In our study, all chest CT images were categorized into five groups based on the CO-RADS (CO-RADS 2 to CO-RADS 5). CO-RADS classification of our study patients was compatible with the literature. We found that the CO-RADS system has a remarkable role in diagnosing COVID-19 pneumonia. According to the CO-RADS classification, CO-RADS 5 refers to a very high probability for COVID-19 pneumonia, based on typical CT findings of lung involvement. Besides, CO-RADS 2 refers to a low probability for COVID-19 pneumonia, based on CT findings of lung involvement, which are not compatible with COVID-19 [8]. RT-PCR results were strongly correlated among CO-RADS groups in our study. The number of patients with positive RT-PCR in the CO-RADS group 5 was significantly higher than those in other CO-RADS groups. Prokop et al. [11] showed CO-RADS was powerful to diagnose COVID-19. Also, in our study, all of the CO-RADS 2 group patients had negative RT-PCR results. Regardless of RT-PCR test results, the majority of hospitalized patients were in the CO-RADS-4 and CO-RADS 5 groups. We showed that even if RT-PCR analysis is negative, CO-RADS can be useful in predicting COVID-19. Xie et al. [14] suggested that positive CT findings of a viral pneumonia may be a strong suspect for COVID-19 even though RT-PCR result was negative. Ai et al. reported a research of 1014 patients who underwent both chest CT and RT-PCR assay for assessment of COVID-19. They suggested that chest CT can be considered as an investigative tool for diagnosis and evaluation in the outbreak field, because positive chest CT findings for COVID-19 had a sensitivity of 97%. [15]. Lessmann et al. conducted a study by using artificial intelligence for assessment of CO-RADS and Chest CT Severity Score in patients with suspected COVİD-19 pneumonia. They found that the system discriminated with high performance between patients with COVID-19 and those without COVID-19 by using CO-RADS and Chest CT Severity Score [16]. Fujioka et al. noticed that CO-RADS maintains remarkable performance and perfect interobserver agreement by using chest CT images for predicting COVID-19 pneumonia [17]. Salehi et al. reported a review of COVID-19 imaging reporting and data system (COVID-RADS) which is a categorical reporting system likewise CO-RADS. They noticed that COVID-RADS facilitated the interpretation and reporting of imaging examinations and advanced the quality of patient care [18].

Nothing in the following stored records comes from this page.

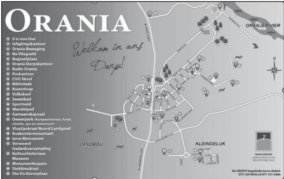
Figuur 2: Uitleg van Orania
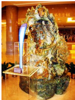
Commemorative Olympic Torch, Olympic Fine Arts 2008 commemorative Olympic Torch - OLYMPIC FINE ARTS 2008
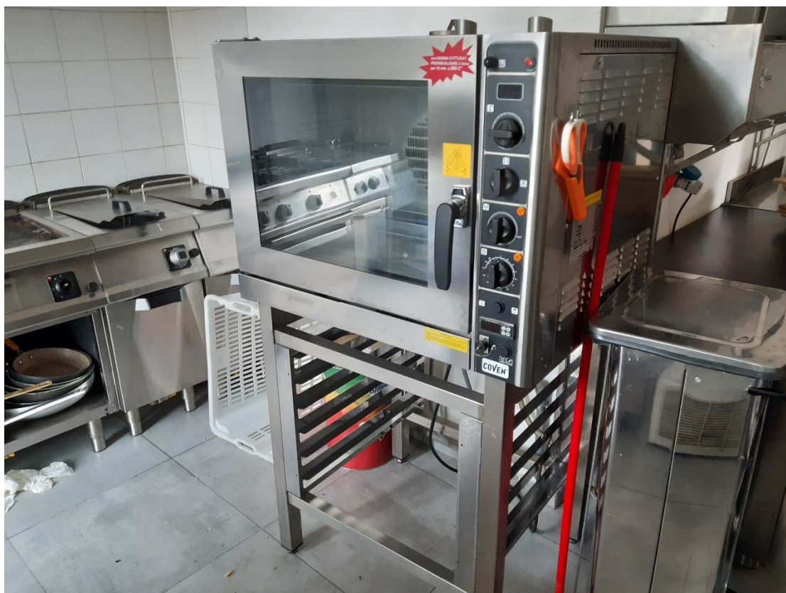
FORNO RIVALENTE 6 TEGIE CON MOBILE DI SUPPORTO
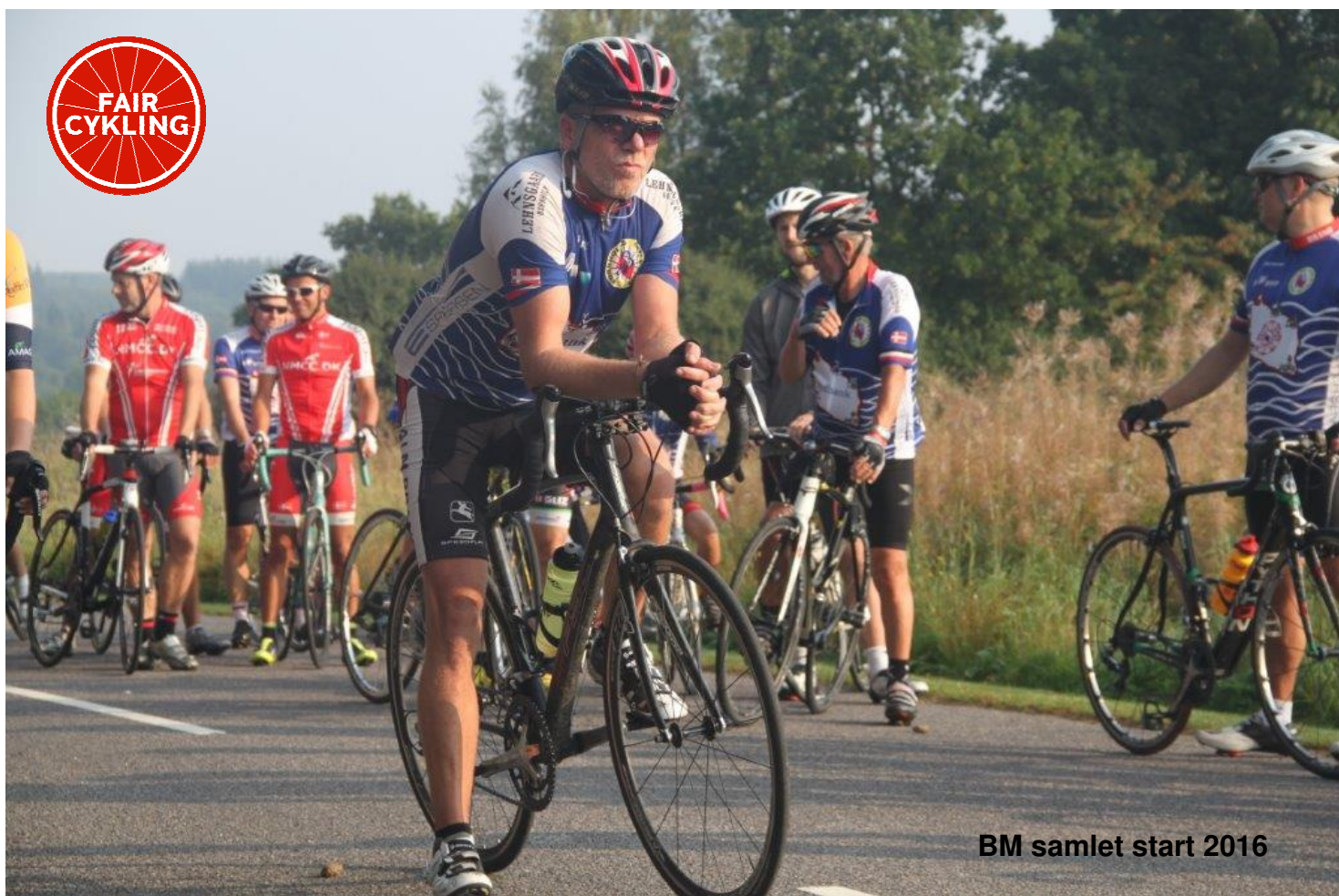
BM samlet start 2016

In our study, the extension of pulmonary lesions in the CO-RADS 5 group was significantly greater than the other CO-RADS groups. Likewise, the CO-RADS 5 patients are more likely to have bilateral, multilobe (especially involved in lower lobes), peripheral, and dorsal involvement than the other groups. On the other hand, the involvement of most pulmonary lesions in the CO-RADS 2 was more likely distributed peribronchovascular (central) and ventral. The presence of GGO, crazy paving sign, vascular thickening sign, halo sign, subpleural band, architectural distortion, vacuolization, in the CO-RADS 5 group were strongly higher according to the other groups. The presence of bronchial wall thickening, centrilobular nodules, and tree in the bud in the CO-RADS 2 group was strongly higher according to the other groups. Also, the presence of crazy paving sign, vascular thickening sign, was not observed in CO-RADS 2 group. Bao et al. reported a systematic review which was evaluating the chest CT features in over 2700 COVID-19 patients. Chest CT abnormalities were GGO, pleural thickening, interlobular septal thickening, air bronchogram, respectively; also, were bilateral, had a peripheral distribution, and involved the lower lobes [19].

In our study, CT-IS of all chest CT images was calculated and compared with CO-RADS groups. The mean total CT-IS was strongly correlated between CO-RADS groups. Likewise, the mean total CT-IS in CO-RADS 5 group was remarkably different and higher according to the other CO-RADS groups. The mean total CT-IS was statistically significantly different among hospitalization status. The mean total CT-IS of patients admitted to the ICU was significantly higher than those admitted to the medical floor. Also, the mean total CT-IS of patients transferred to the ICU from the medical floor was significantly higher than those admitted to the medical floor. Also in our study, we found that the mean total CT-IS of patients dead throughout a long hospitalization was strongly different and higher than survivors. We showed that CT-IS accurately identified high-risk patients with COVID-19, which is compatible with the literature. Yang et al. conducted similar research by using a chest CT severity score (CT-SS) for appraising severe COVID-19. They demonstrated that this severity score could be utilized rapidly and practically in COVID-19 screening for assessing the severity of lung involvement [20]. Li et al. noticed that the CT visual quantitative analysis had high compatibility and could project the severity of COVID-19 [21].

Limitations

This study was conducted in a single center. Also, the number of cases in the CO-RADS groups were not even and relatively small. Additionally, 60.4% of participants had negative RT-PCR test results. However, the false negative is common for PCR in COVID-19. And this study will contribute to the current literature of COVID-19 in regards to diagnosing and outcome.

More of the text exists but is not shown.